■ THE PROBLEM: No pictures go into the copy. Write out every line below exactly.

■ INFORMATION SHOWN:
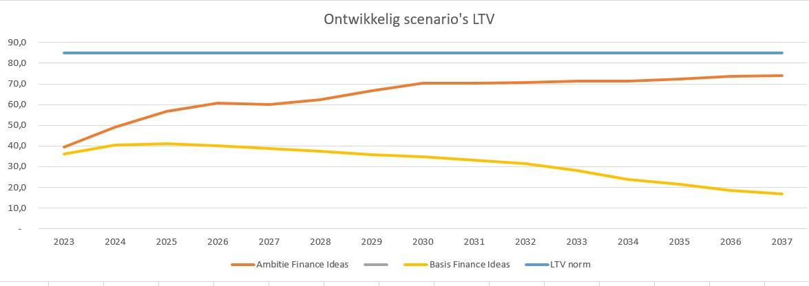 De Loan to value meet in hoeverre de kasstroom genererende capaciteit van de vastgoedportefeuille op lange termijn, gemeten aan de hand van de ‘beleidswaarde’ of ‘marktwaarde’ van de portefeuille vastgoed in exploitatie, in een gezonde verhouding staat tot de schuldpositie.
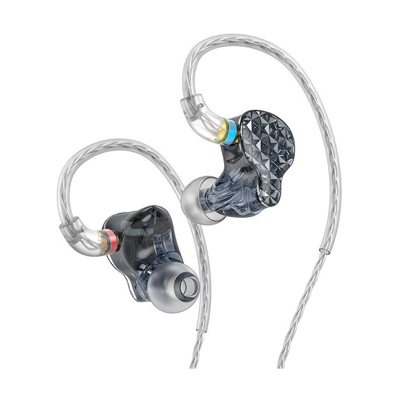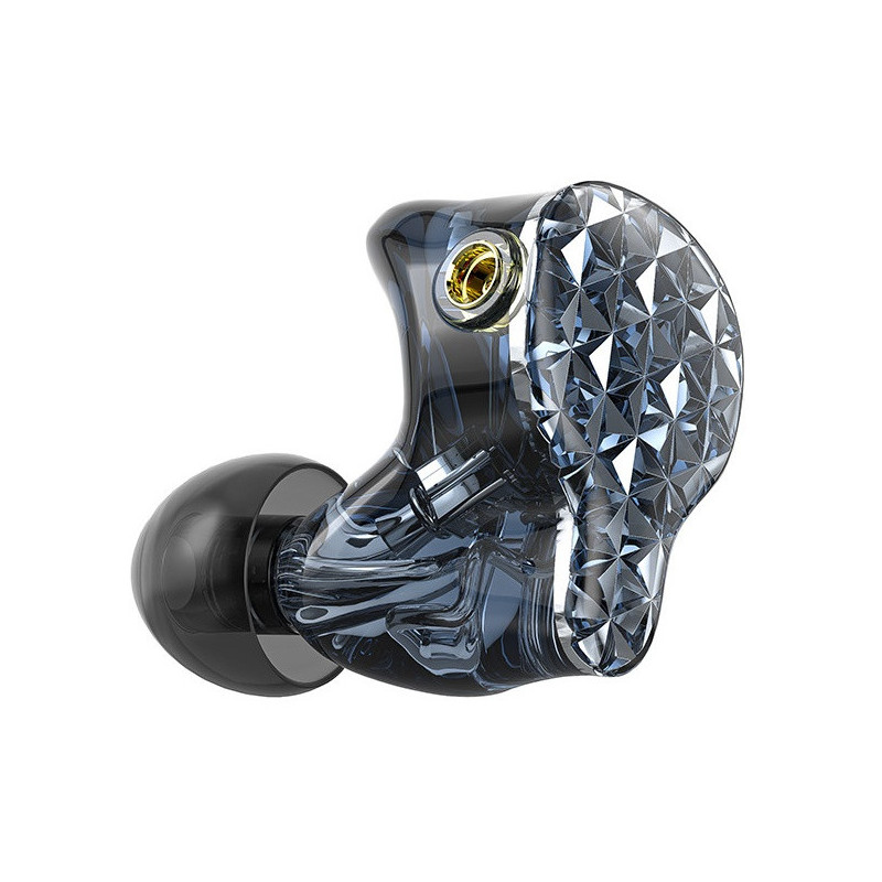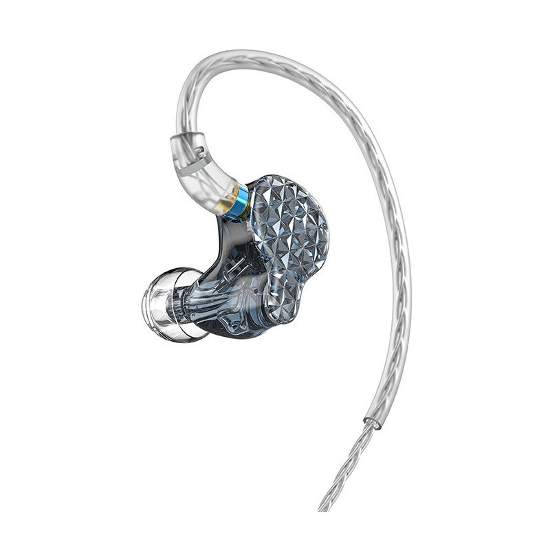 Para mejorar la estética, los auriculares integran una placa frontal con corte de diamante que se integra con la carcasa transparente de resina negra translúcida para una apariencia magnífica.
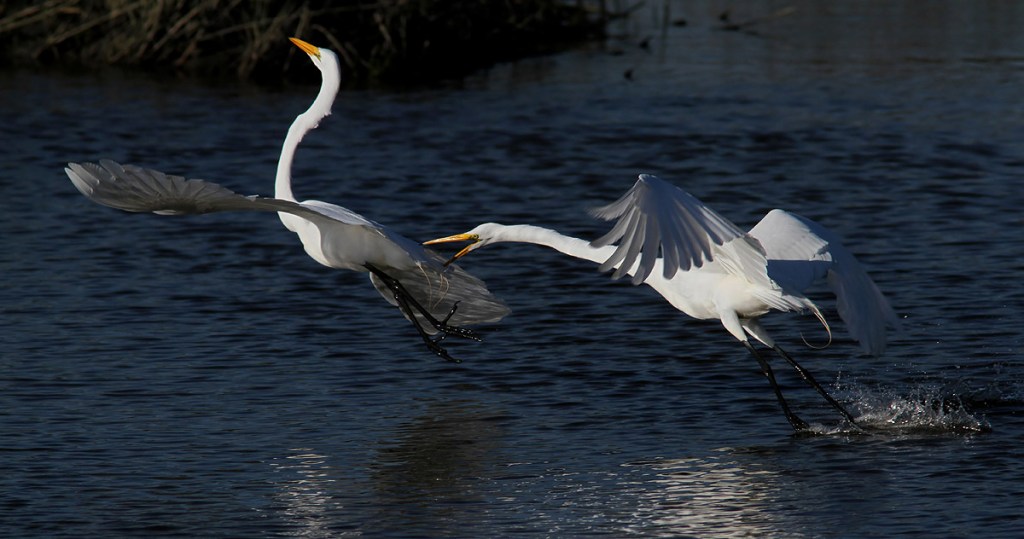 Egret Fight in the Salt Marsh
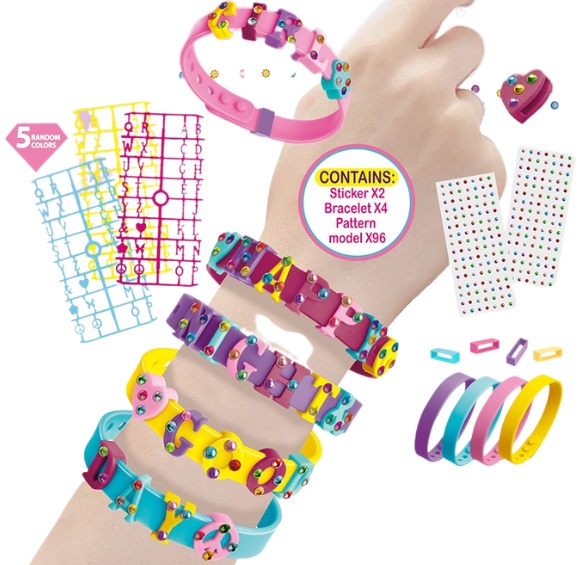 In set4 brățări, 2 foi cu autocolante, 96 elemente decorative

■ TASK RESULT:
 De Loan to value meet in hoeverre de kasstroom genererende capaciteit van de vastgoedportefeuille op lange termijn, gemeten aan de hand van de ‘beleidswaarde’ of ‘marktwaarde’ van de portefeuille vastgoed in exploitatie, in een gezonde verhouding staat tot de schuldpositie.
 Para mejorar la estética, los auriculares integran una placa frontal con corte de diamante que se integra con la carcasa transparente de resina negra translúcida para una apariencia magnífica.
 Egret Fight in the Salt Marsh
 In set4 brățări, 2 foi cu autocolante, 96 elemente decorative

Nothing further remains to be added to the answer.